● Task description:
Return every line of the records, exact and in full, until you have returned the line with "The category is", and include none of the pictures.
%%
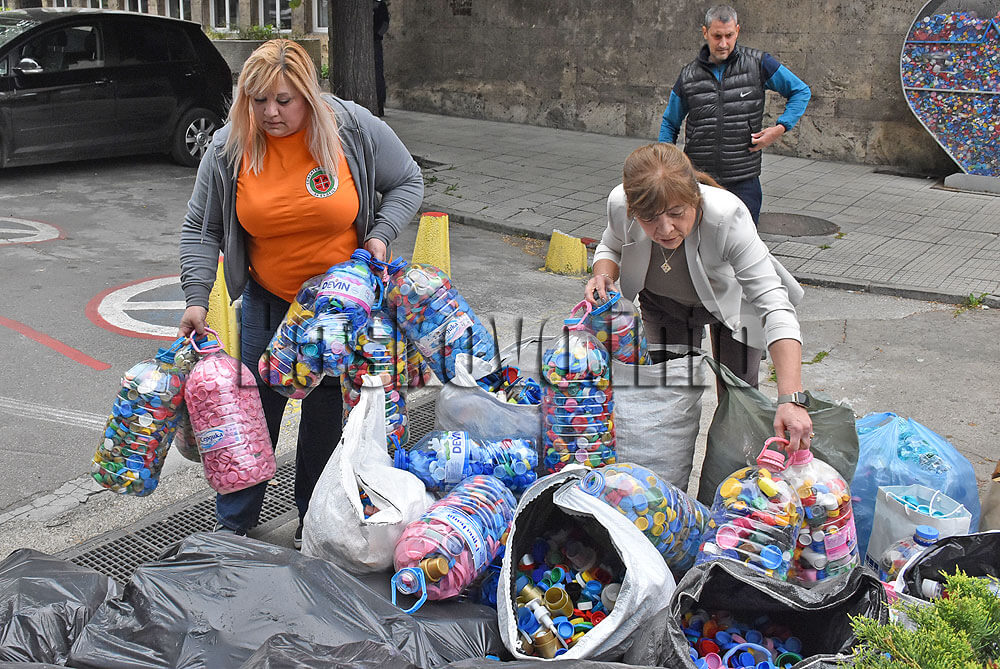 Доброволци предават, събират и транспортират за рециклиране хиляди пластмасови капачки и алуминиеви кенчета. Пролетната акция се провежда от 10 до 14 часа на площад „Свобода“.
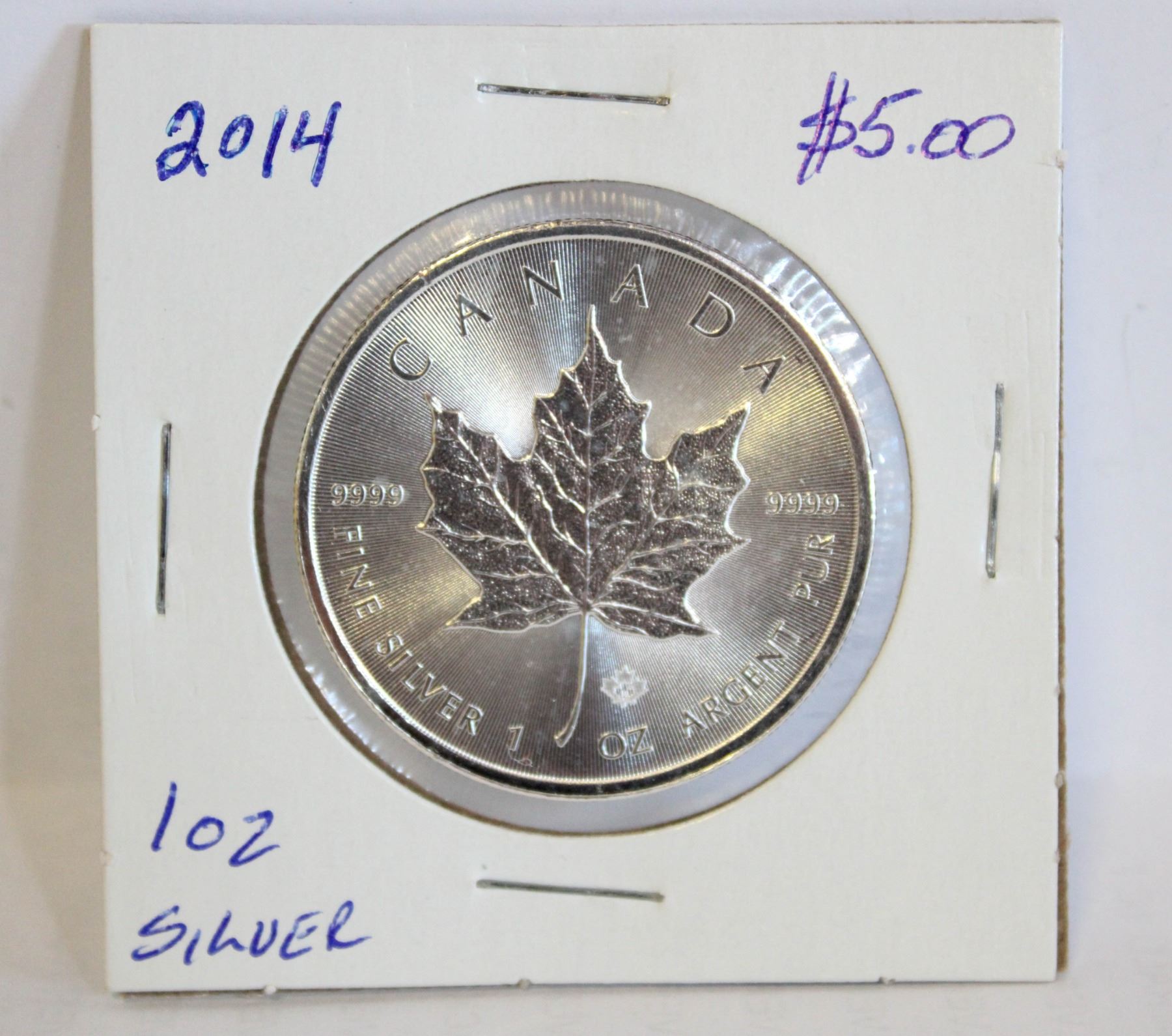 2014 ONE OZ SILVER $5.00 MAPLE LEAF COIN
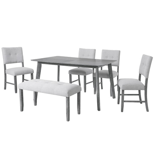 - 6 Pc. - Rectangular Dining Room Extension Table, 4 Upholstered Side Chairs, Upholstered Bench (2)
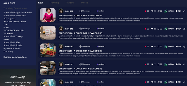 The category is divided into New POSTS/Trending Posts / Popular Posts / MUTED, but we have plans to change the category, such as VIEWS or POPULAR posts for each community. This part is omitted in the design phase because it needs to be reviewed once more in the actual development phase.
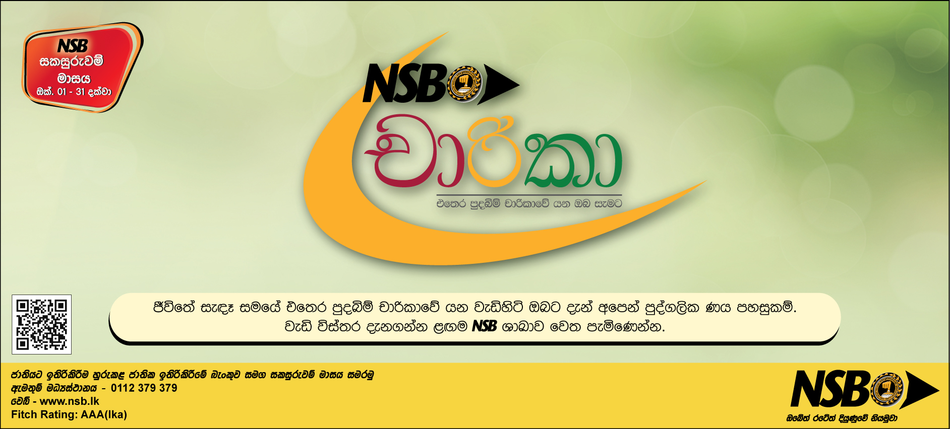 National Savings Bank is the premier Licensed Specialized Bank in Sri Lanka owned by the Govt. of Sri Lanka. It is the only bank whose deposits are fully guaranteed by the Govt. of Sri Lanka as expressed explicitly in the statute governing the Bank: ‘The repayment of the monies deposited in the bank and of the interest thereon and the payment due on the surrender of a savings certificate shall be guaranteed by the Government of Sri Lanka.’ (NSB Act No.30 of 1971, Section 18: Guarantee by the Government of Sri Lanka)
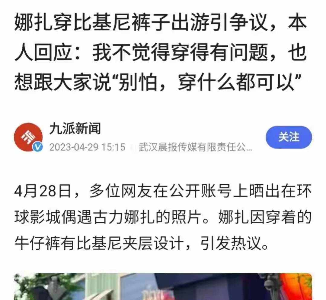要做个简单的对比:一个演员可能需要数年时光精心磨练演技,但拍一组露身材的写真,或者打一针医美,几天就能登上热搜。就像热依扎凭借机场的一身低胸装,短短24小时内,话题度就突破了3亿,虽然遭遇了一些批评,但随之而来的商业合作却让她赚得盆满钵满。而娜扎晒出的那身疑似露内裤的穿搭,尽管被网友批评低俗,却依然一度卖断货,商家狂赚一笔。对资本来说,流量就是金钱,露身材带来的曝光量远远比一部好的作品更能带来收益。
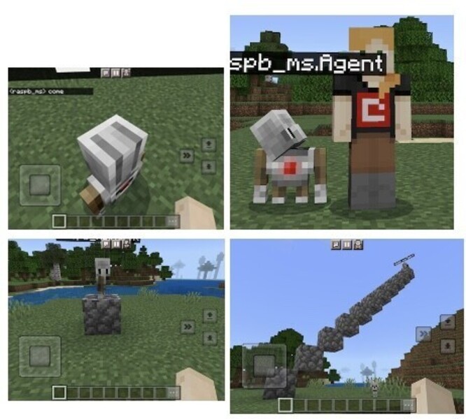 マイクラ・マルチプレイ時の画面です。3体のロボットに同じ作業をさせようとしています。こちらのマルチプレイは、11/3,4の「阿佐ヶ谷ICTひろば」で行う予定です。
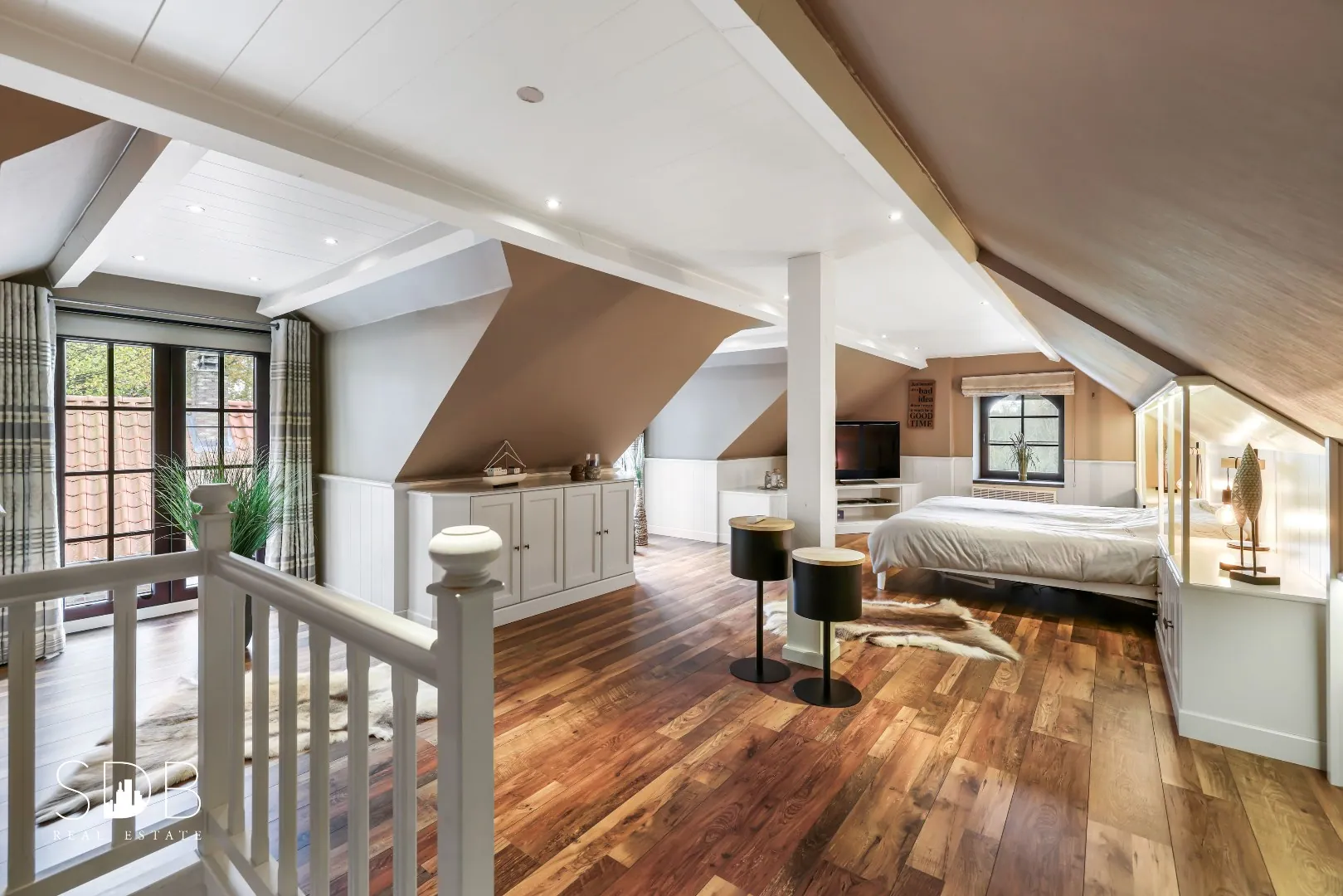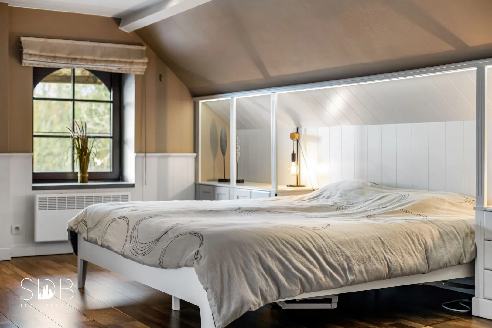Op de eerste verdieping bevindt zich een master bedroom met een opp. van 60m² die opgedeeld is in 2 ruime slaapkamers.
%%
● Response to this task:
 Доброволци предават, събират и транспортират за рециклиране хиляди пластмасови капачки и алуминиеви кенчета. Пролетната акция се провежда от 10 до 14 часа на площад „Свобода“.
 2014 ONE OZ SILVER $5.00 MAPLE LEAF COIN
 - 6 Pc. - Rectangular Dining Room Extension Table, 4 Upholstered Side Chairs, Upholstered Bench (2)
 The category is divided into New POSTS/Trending Posts / Popular Posts / MUTED, but we have plans to change the category, such as VIEWS or POPULAR posts for each community. This part is omitted in the design phase because it needs to be reviewed once more in the actual development phase.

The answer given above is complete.